Posted in Album of the Month, New Tunes

JULY: The Soft Bounce – Beyond The Wizard’s Sleeve

I don’t think I’ve ever chosen an album of the month before about which I’m still so undecided. But here we are. Erol Alkan and Richard Norris’s musical side project, Beyond The Wizard’s Sleeve, has finally produced a full album, and it’s the very definition of the phrase, a mixed bag.

Let’s start with the good. It’s a real musical journey. There are almost no two songs on here that sound the same, and you really can’t fault the guys for their ambition. It’s a post iPod album that displays the duo’s rich musical tastes – and there is almost no genre untouched on here. The most obvious one is psychedelia – from the rockier almost goth psych of Iron Age to the Jane Weaver-led cutesy psych of Creation to the instrumental freak out of Finally First to the frankly tedious spoken word druggy closer, Third Mynd.

But other songs, particularly with guest vocals, live in a totally different universe. Door to Tomorrow, with Gorky’s Euros Childs on vocals, is a wisful slice of indie that could easily be a Gorky’s song. Diagram Girl (is that the Mystery Jets guy on vocals? Not sure), in all honesty, sounds more like OMD than anything else I can think of. Nothing wrong with a bit of OMD, of course. And Black Crow, when you strip it back of the psych trappings, is a very traditional song that you could easily imagine being sung by Adele. Tomorrow Forever might well have appeared on a This Mortal Coil album!

They’re clearly coming at this from an anything-goes balaeric vibe. But it’s also as an uneven experience. On a project like this, the songs have to stand up in their own right, and I’m not sure that some of them do. On paper, this should be RIGHT up my street. I’m a huge fan of 60s psych and I love the likes of guest vocalists Jane Weaver and Hannah Peel. But there are too many times on the record that you find your attention wandering or wonder if self-indulgence has taken over. The first half is great – Iron, Age, Creation, Door to Tomorrow and Diagram Girl are 4 fantastic tracks in a row. Then it goes seriously downhill. Black Crow is seriously meh, Tomorrow Forever is far far too long, The Soft Bounce is indulgent noodly bollocks, Finally First is psych by numbers and Third Mynd is a naff druggy pysch cliche. Every time I listen to it, I’m slightly cross by the end.
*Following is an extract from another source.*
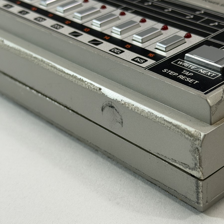 | ご覧いただきありがとうございます。 【商品内容】 弊社備品の9V電源アダプタにて、通電確認済み。 MANUAL PLAYにて各音色(BD / SD / LT / HT / CY / OH / CH)の発音を確認しました。 LEVELノブにて音量変化を確認しています。 PATTERN PLAYにてシーケンサー動作、START動作およびTEMPO可変を確認しました。 OUTよりアンプに接続し、音出し確認済みです。 短時間・簡易確認のため、SYNC端子や個別アウト等の細かな動作は未確認です。 年代物につき、外観には使用感があります。また、カバーが付着したのか、本体の剥がれか判断できかねますが、劣化が見受けられます。 電池での駆動も試みましたが、通電できませんでした。液漏れ跡のようなものが見受けられます。 状態より、ジャンク扱いでの出品といたします。 パーツ取りやメンテナンス前提でご検討いただける方のみのご入札をお願いいたします。 出品物は画像のリズムマシン本体・専用カバーのみでございます。※9V電源アダプタは付属いたしません。 あくまでも現状品・短時間での確認の為、落札後の保証・返品交換は致しかねます。 尚、経年によるスレやキズ・汚れ等がございます事を予めご了承ください。また、細部にわたる状態は全て記載出来ない為、瑕疵や些細な欠損の未記載・見落しのある場合もございます。ご理解の上、入札のご検討をお願い致します。 ○詳細なイメージ・状態は掲載写真にてご確認・ご検証ください。 ○写真はパソコン機種やモニターの解析度により現物の色味と多少異なる場合がございます。 【商品価値と入札について】 お客様の入札に委ねられた落札価格が商品としての価値・相場価格となります。 オークションマーケットの主旨をご理解いただきご自身の責任にて商品価値の見極めと入札のご判断をお願い致します。 【オークション入札の注意事項】 トラブル防止の為、当方の記載内容とお客様の見解に相違がある場合は入札をお控えください。 誠に恐れ入りますが、新規ID及び評価の少ないお方は入札をご遠慮ください。 いたずら防止の為、著しく評価の悪い方は当方の判断により入札を取り消させていただく場合がございます。 また、入札中において終了間際の取り消し・終了後のキャンセルは固くお断り致します。 落札終了日より5日以内にご連絡が無い場合は不本意ながら取消し手続きさせていただきます。予めご了承ください。 原則ノークレーム・ノーリターンにて入札をお願い致します。 |

It’s funny that we so often want our music to show ambition and diversity, but it’s rare to see bands pulling off the trick of making that kind of ambition work in a full album. It does flow well as a record and it is an enjoyable listen. But when you consider the standout work of recent AOTM like Christine and the Queens and Anderson Paak, this isn’t even in the same league.

Reviews have been pretty glowing of this album, though I notice no one’s quite brought themselves to give 5 stars, but maybe I’m being a bit harsh on what is a pretty fun musical diversion. But I can’t see it living long on my playlist.

Posted in Album of the Month

June Album: Coma – This Side of Paradise

June has been a struggle for an album. David has used his one allowed objection of the year, some albums were only available via a digital format, and some albums didn’t feel right. With those factors I had to revisit the drawing board and pick a wild card. Brothers, may I introduce ‘Coma’ and their brilliant ‘This Side of Paradise’.

I have previously shared the Robag Wruhme remix of ‘Lora’ which found a solid place in my sets last year on the 1’s and 2’s and also became a fan favourite in our house. Naturally I went looking for more and fell in love with Coma and this album. Coma hail from Cologne and release on the amazing Kompakt Records.

There are many things that I love about this album, the first is the way it flows. It’s starts things off with ‘Borderline’ which nicely settles you in for the 8 track journey with a slow melodic build to what I can only describe as the perfect pace for a pre disco shuffle. The familiar ‘Lora’ follows which sets a good standard moving forward.

This album has found a strong place in my life around the house, at work and in the car. It’s lets you get lost in it if you let it. ‘The Wind’ is catchy but haunting.  It also introduced me to the vocalist Dillion who is worth checking out as well.

Showing a slight build to the pace throughout, the likes of ‘Pigeon Power’ and ‘Verse Chorus’ remind me a little of something Mylo would make. Whilst ‘Poor Knight’ makes me want to go raving and always seems much more fast paced then in reality in actually is.

‘The Sea’ is another stand out and I highly recommend you check out the Baio remix. Another track that has found a firm home in my sets. Lastly ‘Happiness’ ties things up through grimly building before bringing itself back down and finishing out the album.

It confuses me what category to put this music in. Is it ‘chill out’, ‘deep house’, ‘electronica’? The 4/4 beats make it dance driven, but it seems to have a place within a club but also very far away from one. It’s easy to leave this album on repeat and I heavily suggest this approach as it sinks in nicely.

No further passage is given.